Some Litigation Updates …

– In Re Ethereummax Investor Litigation: C.D. Cal. Judge Michael Fitzgerald refused to dismiss the amended class action complaint accusing Kim Kardashian, Floyd Mayweather & NBA hall-of-famer Paul Pierce of “misleadingly promot[ing]” EMAX tokens, while “failing to adequately disclose [the] material connections” at play.

– Nike v. USAPE: Nike lodged an opposition to BAPE’s motion to dismiss, in which is argues (once again) that its complaint satisfies the pleading requirements for both registered & unregistered trade dress.

– J. Doe v. Github, et al: On the heels of the court granting the defendants’ motion to dismiss in part in this generative AI-focused copyright case in May, the plaintiffs filed an amended complaint this week. More to come on this soon.

– Andersen v. Stability AI: The plaintiffs lodged an opposition to Stability AI’s and Midjourney’s motions to dismiss, as well as an opposition to DeviantArt’s anti-SLAPP motion. (You can find those filings here.)

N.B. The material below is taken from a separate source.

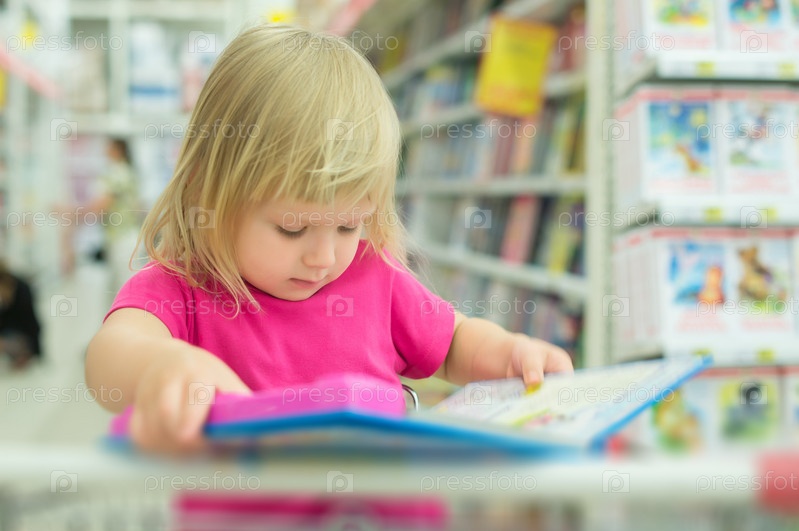 Очаровательная девочка с интерактивной книгой в корзине в супермаркете

In the biggest web3 news of the week: Louis Vuitton launched NFTs on Friday. The “VIA” project – which consists of “connected products,” namely, a combination of a digital + physical trunks – “explor[es] a new facet of its savoir-faire with the first digital trunk from the Maison.” LV calls the project a “testament to [how] digital craftsmanship weaves the real with the dream to create the exceptional.” The TDLR from Megan Kaspar, MD at web3 investment firm FirstLight …

In some deal-making news in the fashion/retail, tech & web3 segments …

– Blk Dnm has been acquired by ChromaWay, marking the first fashion industry acquisition by the Swedish blockchain developer.

– Prada & Zegna have joined to acquire a minority stake in knitwear supplier Luigi Fedeli e Figlio. (Sound familiar? They’ve done this before.)

– Swoperz, a resale marketplace for kids apparel, has raised £250k in a pre-Seed round.

– In a nod to the enduring appeal of alternative textiles, mycelium-maker Ecovative Design has raised $30M in a Series E.

– You can find the latest in AI funding here. One standout: Impact Analytics, which provides AI-based solutions for supply chain & merchandise planning in retail, has closed a new round.

– Supply chain mapping & monitoring software startup Sourcemap has raised $20M in a Series B.